| Material provided |
=== Section Start ===

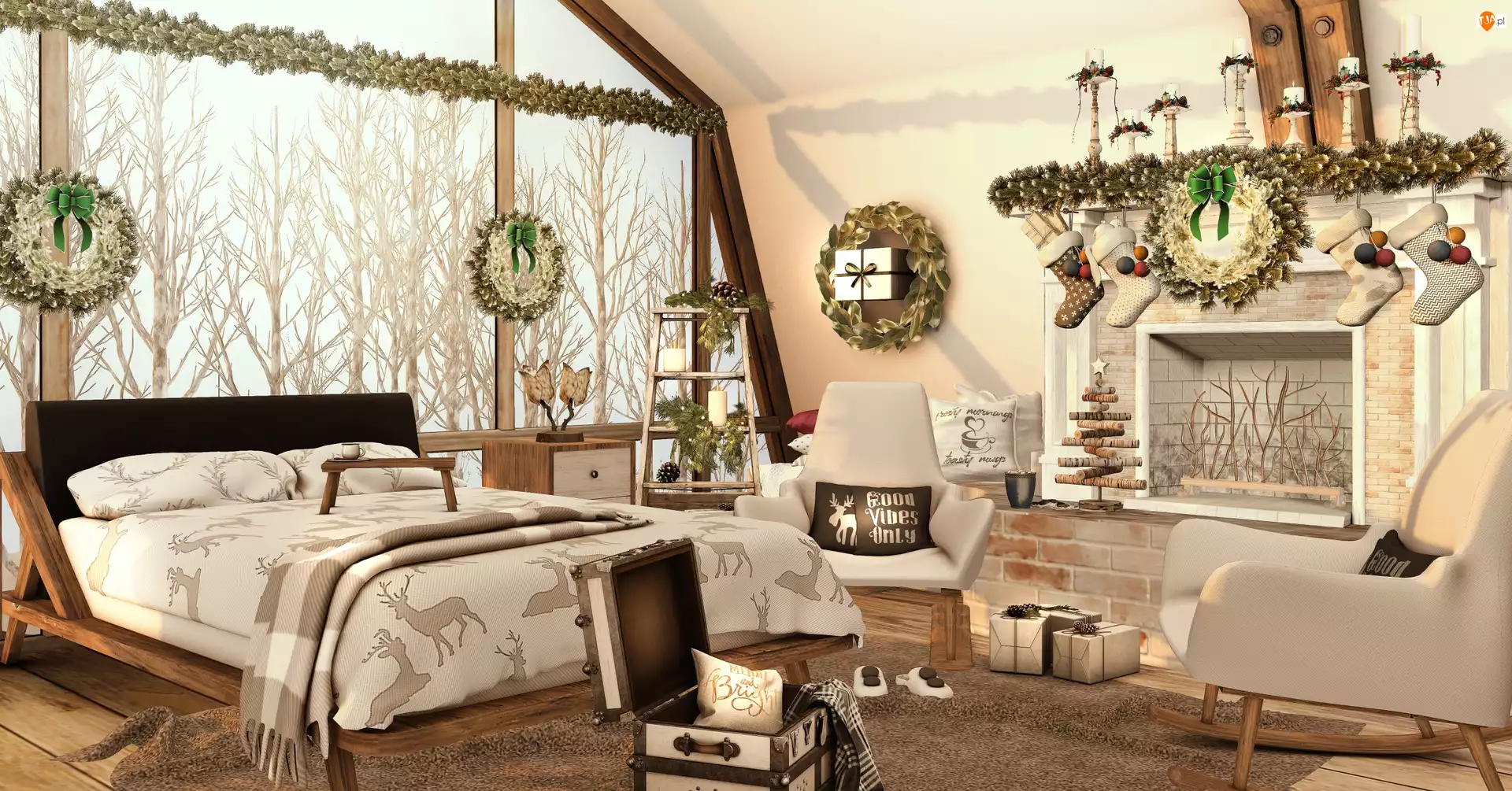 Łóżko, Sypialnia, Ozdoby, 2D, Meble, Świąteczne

=== Section End ===
=== Section Start ===

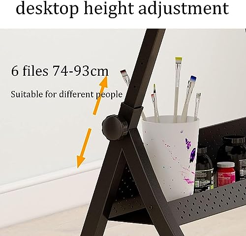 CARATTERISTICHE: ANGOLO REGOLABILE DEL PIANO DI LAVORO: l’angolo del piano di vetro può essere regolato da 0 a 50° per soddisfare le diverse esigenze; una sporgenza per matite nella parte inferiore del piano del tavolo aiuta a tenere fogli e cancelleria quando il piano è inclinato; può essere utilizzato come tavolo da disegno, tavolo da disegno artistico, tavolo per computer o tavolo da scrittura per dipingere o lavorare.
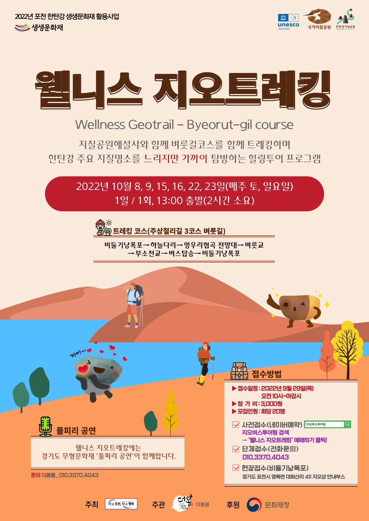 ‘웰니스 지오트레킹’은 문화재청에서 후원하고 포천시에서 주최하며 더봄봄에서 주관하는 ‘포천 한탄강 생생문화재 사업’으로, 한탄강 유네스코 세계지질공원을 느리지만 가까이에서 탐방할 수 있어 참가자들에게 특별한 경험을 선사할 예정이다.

=== Section End ===

| Task requirements |
Nothing but the lines above from the line with "CARATTERISTICHE: ANGOLO REGOLABILE" up to and including the line with "경험을 선사할 예정이다." should be returned, exactly as written and without pictures.

| Written answer |
 CARATTERISTICHE: ANGOLO REGOLABILE DEL PIANO DI LAVORO: l’angolo del piano di vetro può essere regolato da 0 a 50° per soddisfare le diverse esigenze; una sporgenza per matite nella parte inferiore del piano del tavolo aiuta a tenere fogli e cancelleria quando il piano è inclinato; può essere utilizzato come tavolo da disegno, tavolo da disegno artistico, tavolo per computer o tavolo da scrittura per dipingere o lavorare.
 ‘웰니스 지오트레킹’은 문화재청에서 후원하고 포천시에서 주최하며 더봄봄에서 주관하는 ‘포천 한탄강 생생문화재 사업’으로, 한탄강 유네스코 세계지질공원을 느리지만 가까이에서 탐방할 수 있어 참가자들에게 특별한 경험을 선사할 예정이다.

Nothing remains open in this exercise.